[489]Die Polemik über die Gregorianische Kalenderreform.7

Inzwischen aber arbeitete ein Arzt in Süditalien — Aloisio Lilio [1] — 10 Jahre daran, einen Zyklus zu konstruieren, der möglichst dem alten adäquat, doch so viel verjüngende Kraft in sich selbst besitzt, auch für die kommenden Zeiten Gültigkeit zu haben. Es war dem Manne nicht beschieden, die Früchte seiner Arbeit reifen zu sehen; er hinterließ das fertige Manuskript seinem Bruder Antonio, der dasselbe bei der päpstlichen Kurie einreichte mit der Bitte, es prüfen zu lassen und das Privilegium zum Druck zu erteilen. Gregor XIII. legte die Arbeit gerade in Rom anwesenden Mathematikern vor, und unter ihnen war schon Clavius, der fortan die Seele des Unternehmens wurde; auch Vincentio Lauren wird uns namentlich angeführt.

Wir haben über diese Vorgänge sehr magere Nachrichten; selbst Pietro Maffei in seinen Annali di Gregorio XIII., [2] der über die Einführung des Kalenders in den einzelnen Ländern wertvolle Aufschlüsse gibt, berichtet über die Vorgänge in der Kommission sehr wenig. In derselben waren außer den beiden schon genannten Männern der Kardinal Sirlet, der nach Ranke [3] den größten Einfluss auf die Sache ausübte, dann der Spanier Ciaconius und Ignazio Danti; doch wissen wir nicht, ob dieselben gleich zu Anfang von Gregor berufen oder erst im Laufe der Jahre beigezogen wurden, als der Plan gereift war, auf Grund des Vorschlages Lilios den Kalender zu reformieren.

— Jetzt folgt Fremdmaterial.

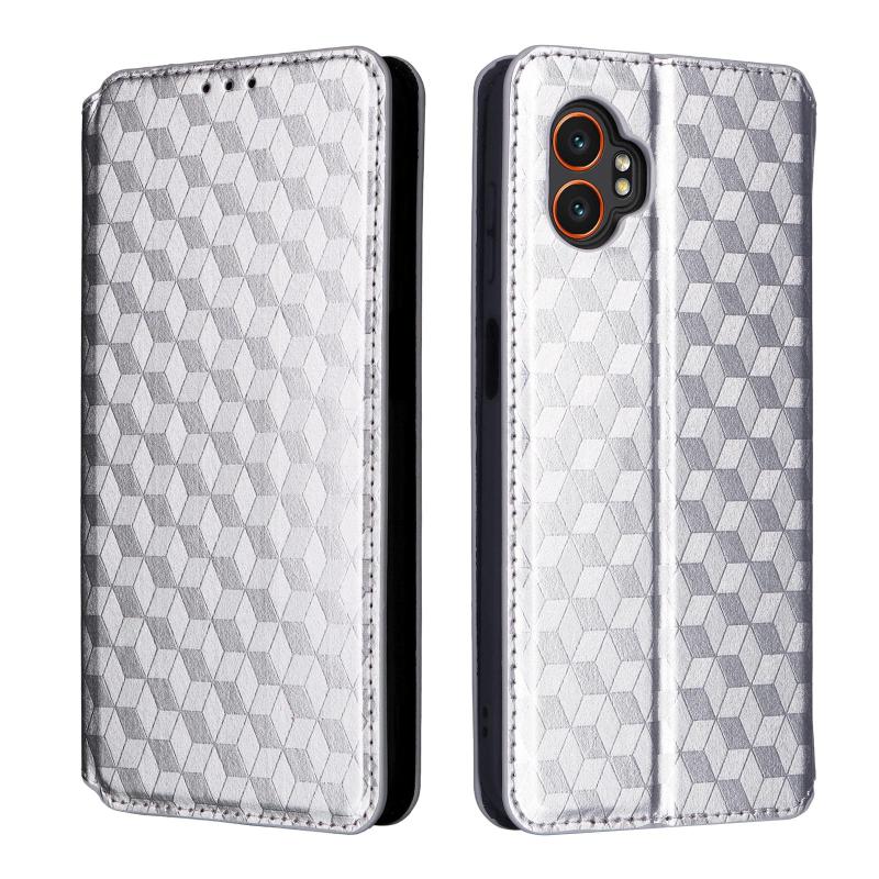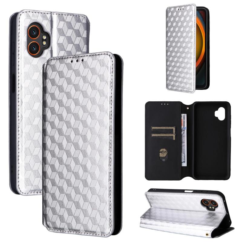 For Samsung Galaxy XCover 7 Pro Cubic Grid Texture Flip Leather Phone Case(Silver)
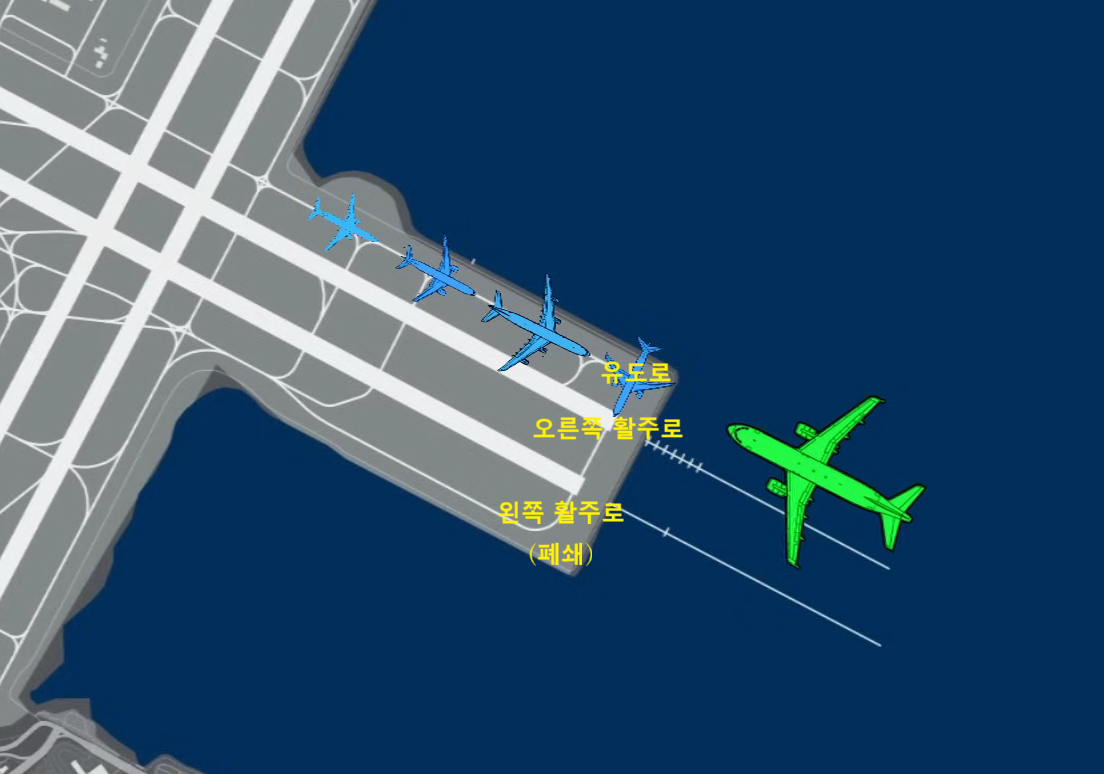 ・유도로 (Taxiway) : 공항 게이트에서 이착륙하기 위한 활주로까지 가기 위한 도로.
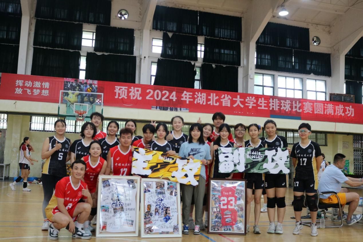 作为蝉联湖北省大学生排球比赛前八强的种子队伍,校女子排球队从6月11日开始小组赛,先后战胜了湖北中医药大学、武汉学院、湖北经济学院、湖北医药学院,小组赛以1:2比分惜败中南财经大学,小组第二出线。在八进四半决赛中不敌老牌强队武汉大学,未能成功晋级四强。校女子排球队在淘汰赛阶段虽有多位主力因故不能到场,但也顽强拼搏,彰显地大竞技精神,最终排位赛以2:0胜武汉工程大学拿下第七名的成绩。她们在赛场上奋不断突破自我,用实际行动诠释了女排精神,为学校的荣誉而战。
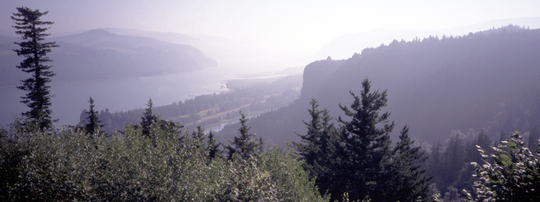 Beginning in Troutdale, you drive across the Sandy River toward Springdale. The road stays on the back side of the ridge, so you cannot see the river until you get to Portland Women’s Forum State Park, where a small parking lot affords a grand view up the gorge. You are on a bluff some 700 feet above the water, and the mountains pale into powdery blue as they recede. In the rake of morning light, it looks like a Chinese ink painting.
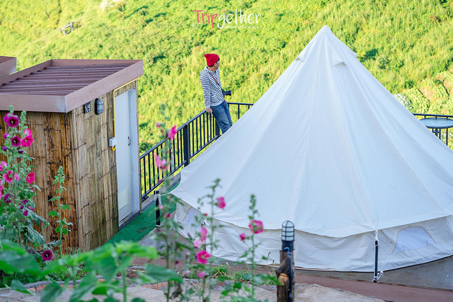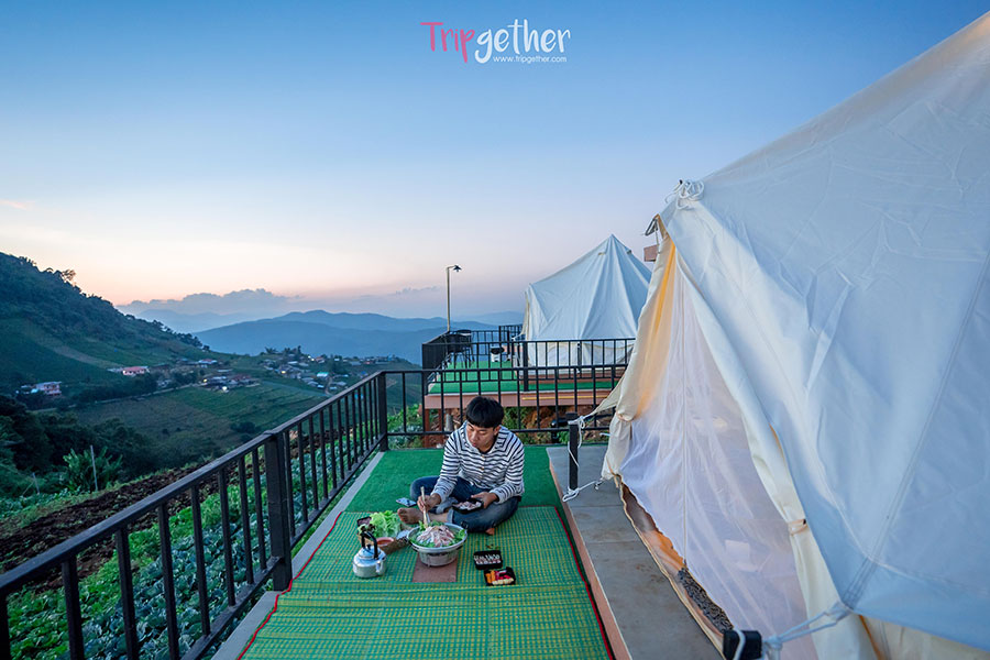 นอกจากบ้านพักวิวดี ดีไซน์เยี่ยมแล้ว ที่นี่ยังมีเต็นท์ VIP ทรงกระโจมสีขาวสุดชิคเปิดให้บริการอีกด้วย
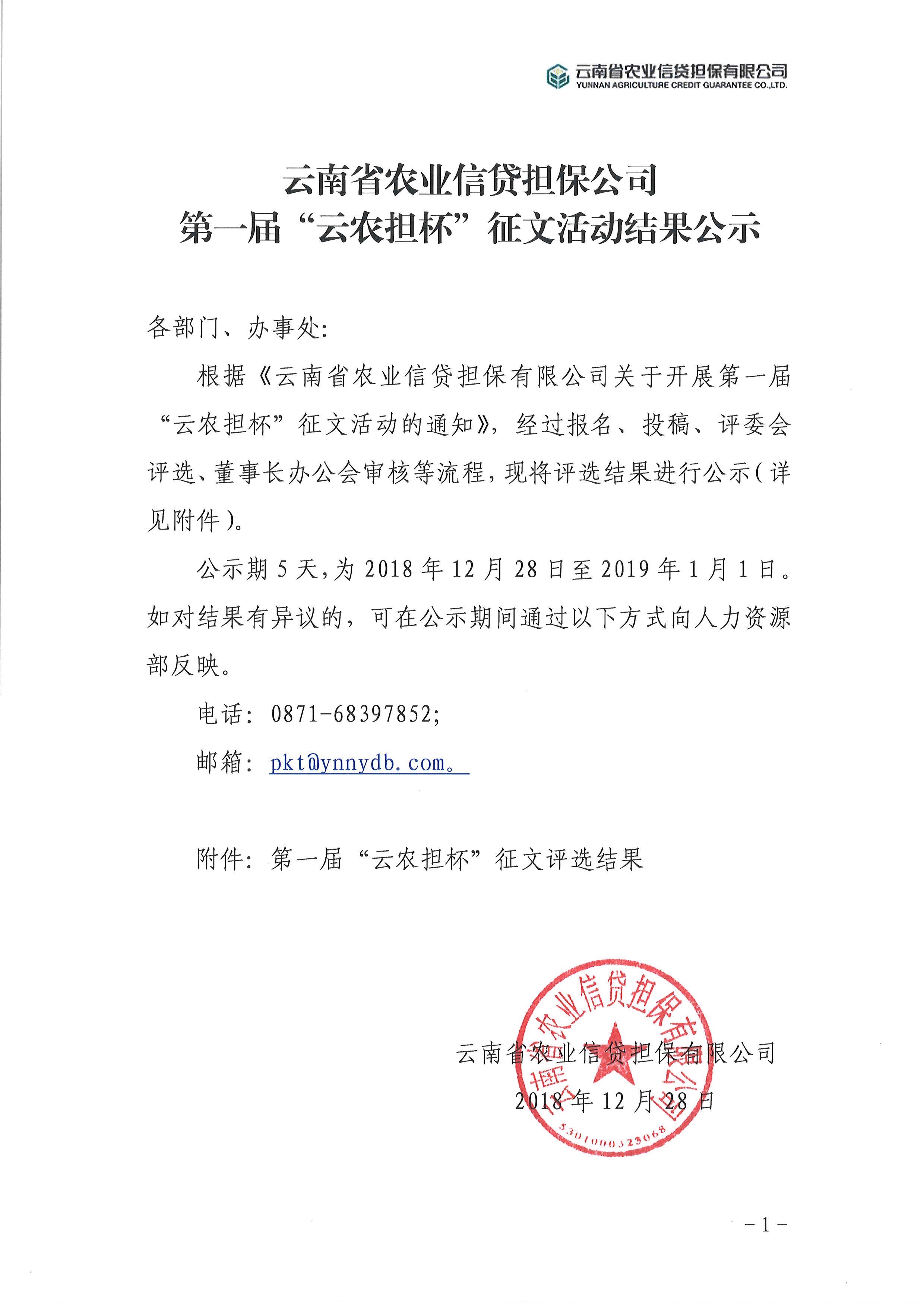 云南省農(nóng)業(yè)信貸擔(dān)保公司第一屆“云農(nóng)擔(dān)杯”征文活動結(jié)果公示各部門、辦事處:
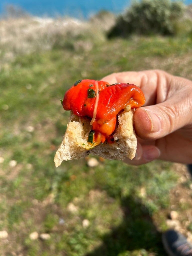 Que mangeons-nous ? Du pain aux olives avec des poivrons grillés !!!
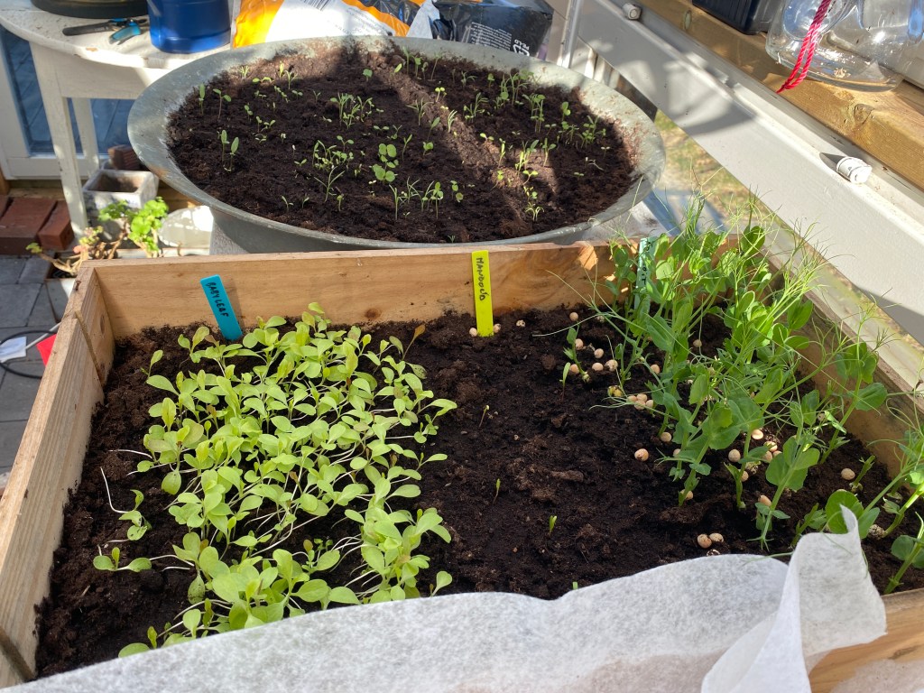 Men eftersom solen värmer upp så mycket på dagarna nu har både salladen och blommorna jag satt i vinter börjat titta upp. Kul!! Och bara jag får upp solcellerna på taket kan jag ju brassa på med mer värme och kanske flytta ut en del av plantorna inne också 🙂
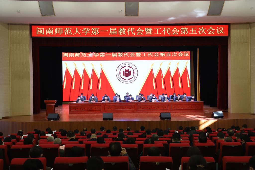 12月22日,MK体育/mksport体育·官方网站第一届教代会暨工代会第五次会议在闽南文化艺术中心多功能厅召开。吴彬镪、李顺兴、钟发亮、肖庆伟、蒋一婷、林致远、张龙海、戴福康等全体在家校领导出席,全校169名正式代表、14名列席代表参加会议。会议由校党委常委、副校长、工会主席蒋一婷主持。
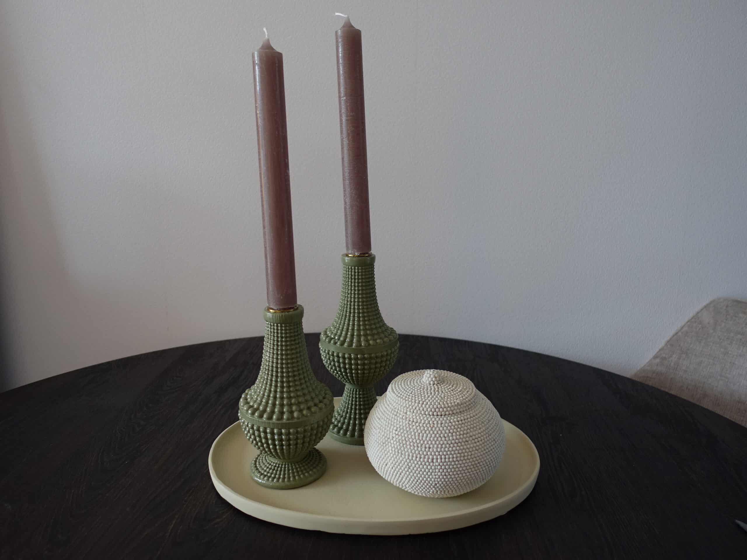 De groene kandelaar met kralen is een elegante blikvanger met een tijdloos design. De groene kleur geeft warmte en karakter aan ieder interieur. Door de twee verschillende maten zijn de kandelaars perfect met elkaar te combineren voor een speels effect op tafel, dressoir of vensterbank.
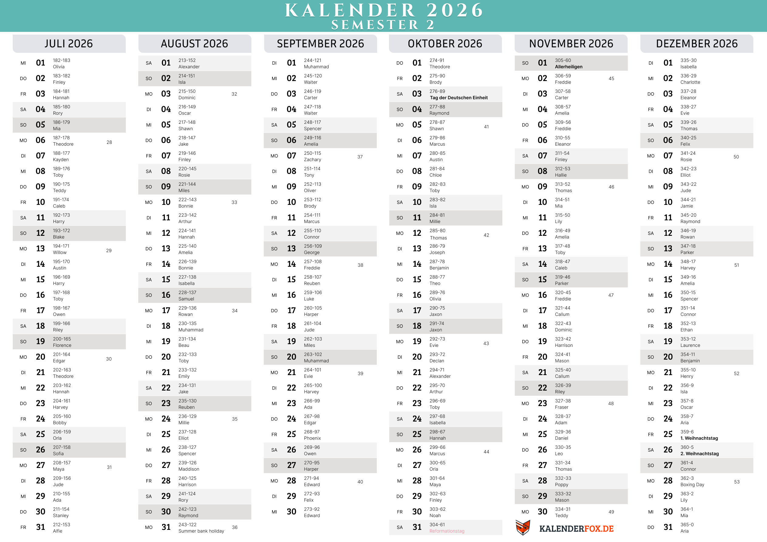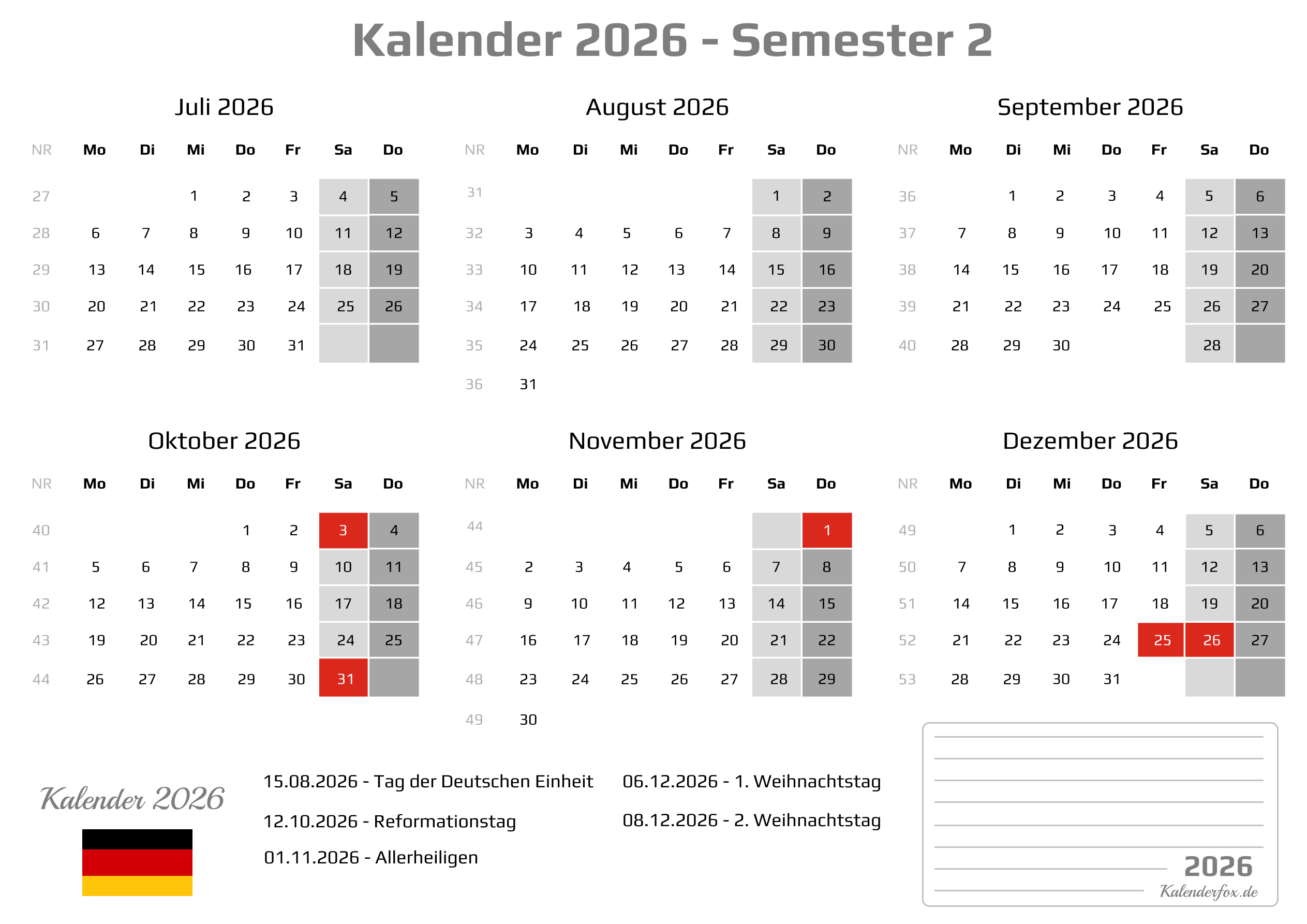Kalender 2026 Semester 2

1 Über die Lebensumstände des Mannes besitzen wir äusserst spärliche Notizen. Selbst sein Geburtsort wird verschieden angegeben. Jedoch ist die Angabe des Kardinal Noris (Tratato sopra il cicle Ravennate) und Ricciolis (Almagestum Novum), dass er ein Veronese sei, nicht haltbar gegenüber Clavius (Romani Calendarii Explicatio) und Pietro Maffei (Annali di Gregorio XIII.), welche ihm Ziro in Kalabrien als Geburtsort zuweisen. Dem stimmen auch Neuere bei, so Tiraboschi (Storia d. letter. Ital. VII. 1. pag. 390) und die Biographie Universelle.
2 Pietro Maffei: Degli Annali di Gregorio XIII. dati in luce da Carlo Cocquelines. Rom 1742. Tom. II. pag. 270.
3 Ranke: Die Römischen Päpste I. 428. Dafür spricht auch, dass dem Kardinal mehrere anlässlich der Reform abgefasste; Schriften gewidmet wurden.